Supervisor: Professor J.Paris

Keywords: Probability, Probabilistic Reasoning, Fuzzy Logic, Proof Theory, Model Theory, Cut Elimination, Inference Processes


This thesis has two main aims. First, we give a general result that enables us to produce sound and complete axiomatizations for various (non-classical) propositional logics. This result is achieved using some elementary proof theory and model theory. We then illustrate how to use the result by providing sound and complete axiomatizations for the Lukasiewicz aleph0-valued logic, a logic related to the work of J.Pavelka and some logics of probability that are due to R.Fagin, J.Halpern and N.Megiddo. Our results here simplify and expand on work presented elsewhere.

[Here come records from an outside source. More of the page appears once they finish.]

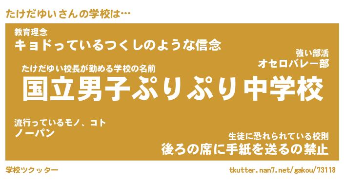 | ヘコむあだ名 | 『たけもー』『酢こんぶ』『たけ太郎』 |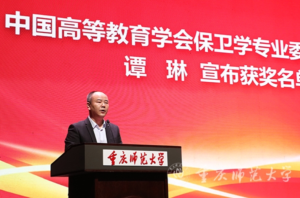 中国高等教育学会保卫学专业委员会秘书长谭琳宣布2023年高校国家安全教育教学风采展示获奖名单。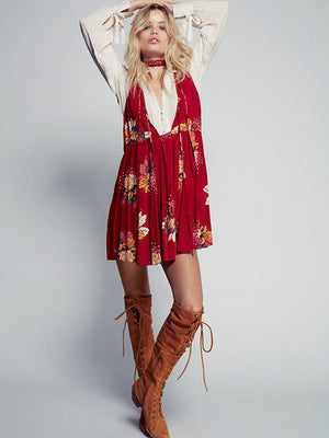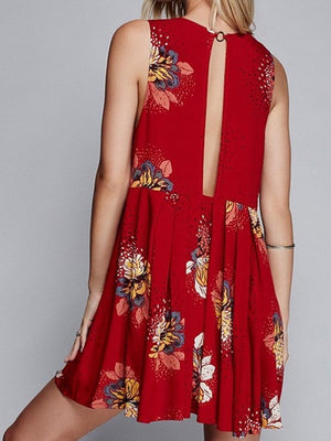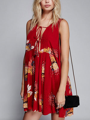 Flowy and printed sleeveless tunic featuring pleat detailing around the waist. Plunging neckline with tie detailing and a low open back.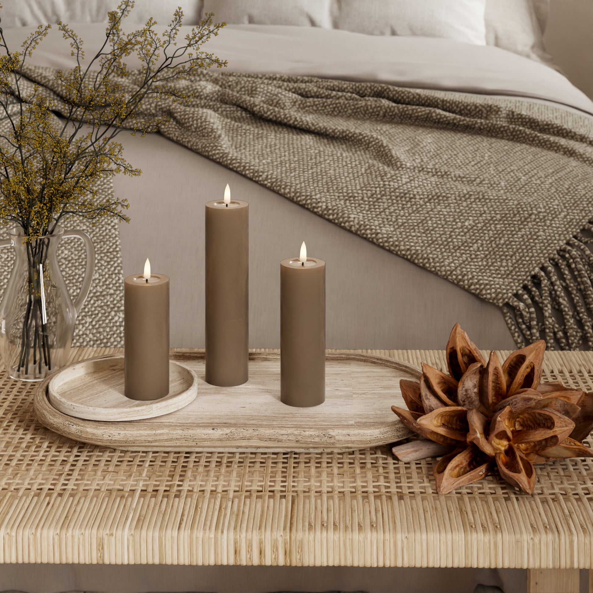LED blokové světlo - Ø 5 x 12,5 + 15 + 20 cm Karamelová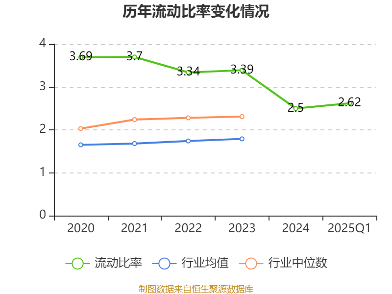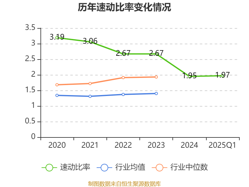 2025年第一季度,公司流动比率为2.62,速动比率为1.97。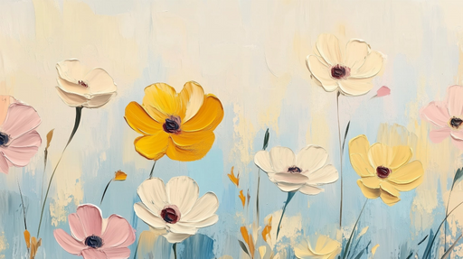 Zobrazit celý detailNástěnná tapeta květinová | Pastelová malba s barevnými květy

Our second aim is to initiate an investigation into the search for a suitable deductive theory for modeling how inference processes reason. We present and consider a particular deductive framework. This deductive framework has the unfortunate property of sometimes identifying deductive theories that are for different inference principles. In attempting to avoid this collapsing we are led to consider adding in a type theory to our deductive framework.


A Propositional Logic That Handles Conditional Probabilities

by C.Pulley. Unpublished


In [FagHalMeg90], two logics for reasoning about probabilities were introduced. The first was unable to reason about conditional probabilities. To rectify this [FagHalMeg90] introduce their second probabilistic logic. However, unlike their first, they find it necessary to introduce quantifiers. In this paper we rectify this defect by presenting a propositional logic that can reason about conditional probabilities. Our method of proof is such that we may generalize it to encapsulate soundness and completeness for numerous other logics (eg. the first probabilistic logic of [FagHalMeg90]; fuzzy logic etc.). Our main requirement for these generalizations is that our logics should have a first-order metatheory.


  • [FagHalMeg90]: Fagin, R., Halpern, J.Y., and Megiddo, N. (1990), A Logic for Reasoning about Probabilities, Information and Control Vol. 87 pp.78-128.

Full paper: [PDF]


October 1988 to October 1989

Department of Mathematics, University of Manchester

Title: Some Completeness and Incompleteness Results for Pavelkan-Type Logics on the Unit Interval

Supervisor: Professor J.Paris

Keywords: Fuzzy Logic, Fuzzy Reasoning, Inexact Reasoning


Pavelkan-Type logics are essentially logics which deduce sentances to some fuzzy degree or truth-value from fuzzy sets of hypothesis. I will provide some axiomatizations for these logics which will improve on the work of others in the area. That the work of others may be improved stems from the often partial notions of soundness and completeness for these logics.

So as to understand what possible functions may or may not be defined in the structures used to interpret Pavelkan-type logics on the unit interval, I shall provide a generalization of the results of McNaughton concerning the aleph0-valued logic of Lukasiewicz.

Finally, some partial answers are provided to the existence of sound and complete axiomatizations for some structures first introduced by Goguen for inexact reasoning.


Pavelkan Logics on the unit Interval: Proof Boundaries and Sound and Complete Logics

by C.Pulley. Unpublished


In [Pavelka], Pavelka gives a sound and complete axiomatisation for a logic that reasons with fuzzy sets of hypothesis and conclusions rather than just sets, as in (say) classical and intuitionistic logics.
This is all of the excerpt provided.